Classification Practice With A Clear Rule

Use this table with the common school meanings: whole numbers start at 0, natural numbers start at 1. If your class uses a different start for naturals, adjust the “Natural?” column for 0.

Number	Whole?	Natural? (Start At 1)
0	Yes	No
1	Yes	Yes
8	Yes	Yes
−2	No	No
3/5	No	No
12.0	Yes (same value as 12)	Yes
2.7	No	No

Answers Teachers Like To See

On assignments, teachers often want two parts: the number and the reason. A short reason keeps you safe if the worksheet uses a definition you didn’t expect.

Answer Template For The Common School Setup

• Answer: 0
• Reason: whole numbers include 0, while natural numbers start at 1 in this class.

Answer Template When Naturals Include 0

• Answer: none
• Reason: natural numbers and whole numbers are the same set here: 0, 1, 2, 3, … .

Small Checks That Prevent Lost Points

When a test mixes vocabulary from different chapters, tiny wording cues can save you.

Look For “Positive”

If a definition says “positive integers,” it excludes 0. That points to naturals starting at 1. If it says “nonnegative integers,” it includes 0. That points to whole numbers, or naturals that include 0.
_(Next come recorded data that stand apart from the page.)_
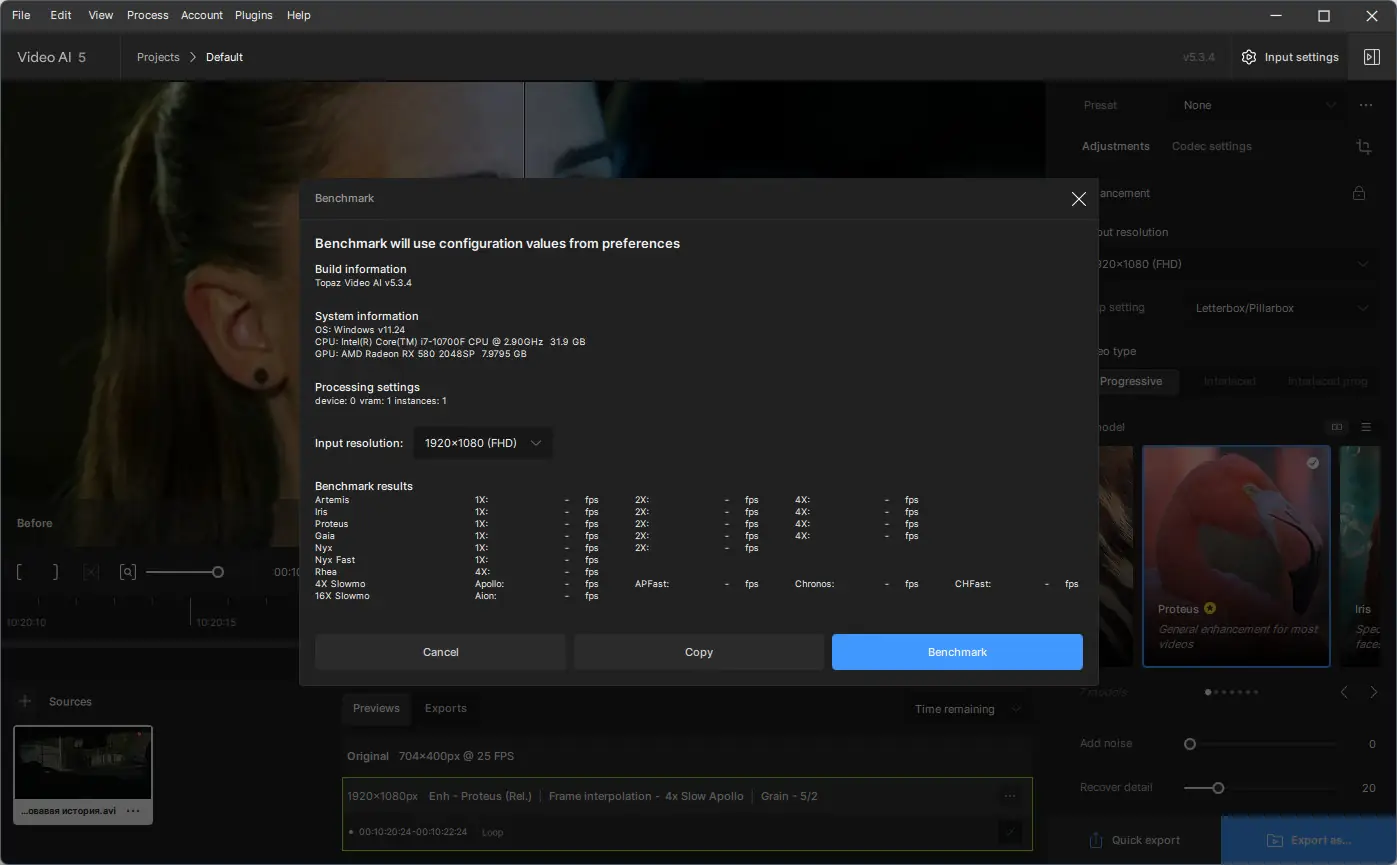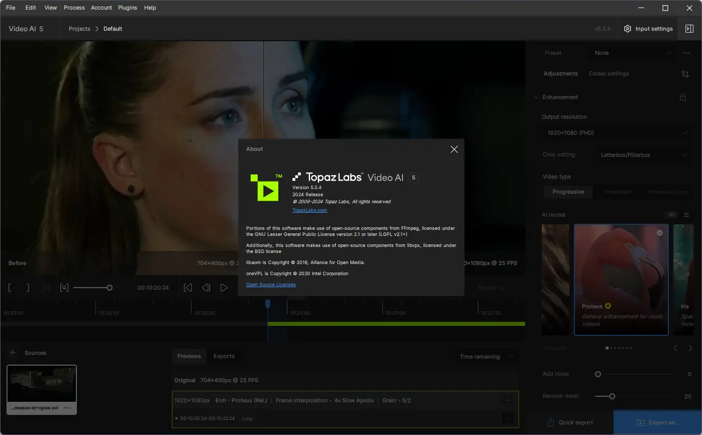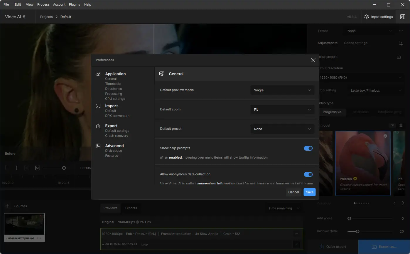 Интерфейс Topaz Video AI интуитивно понятен и не требует глубоких технических знаний. После загрузки видеофайла пользователь выбирает нужную модель обработки, задаёт параметры масштабирования и настраивает выходное разрешение. Процесс рендеринга запускается в несколько кликов, а статус выполнения отображается в реальном времени. Поддерживается работа с различными форматами, включая MP4, AVI, MOV и другие распространённые контейнеры. Программа эффективно использует ресурсы видеокарты, ускоряя обработку за счёт GPU.
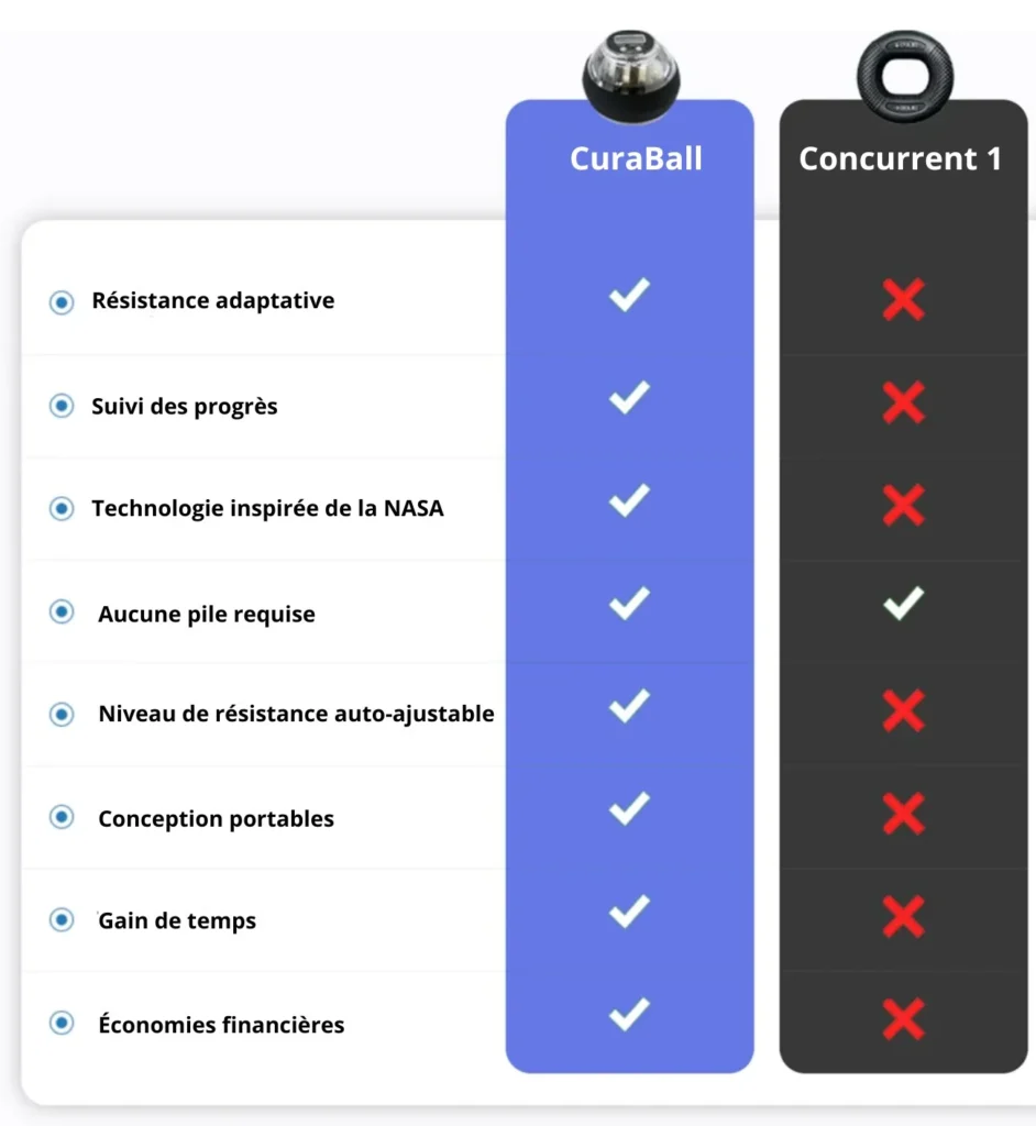 Le noyau gyroscopique de CuraBall, inspiré par la NASA, vous aide à transformer vos mains faibles, raides ou douloureuses en mains puissantes et sûres, sans douleur, sans médicaments ni thérapie.
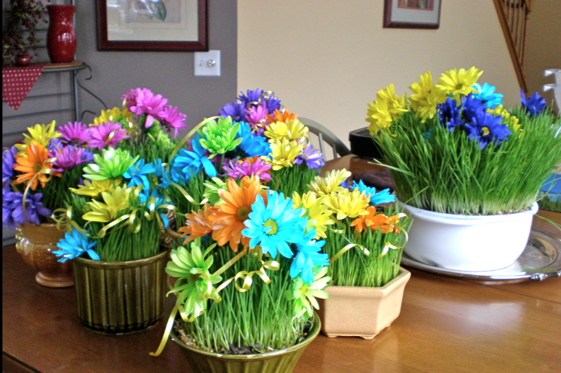 The grass needs about a week in a sunny window to grow to the height of 4 inches.

Read The First Worked Solution

If a worked solution labels 0 as natural, follow that. If it labels 0 as whole but not natural, follow that. Matching the source beats guessing.

Write The Set In The Margin

On paper tests, jot “W: 0,1,2…” and “N: 1,2,3…” in the margin when that’s the class rule. It takes two seconds and keeps your answers consistent across the page.

If you want one outside source that states the natural-number split plainly, Britannica says natural numbers are the positive integers and sometimes zero: Britannica’s “Natural number” definition.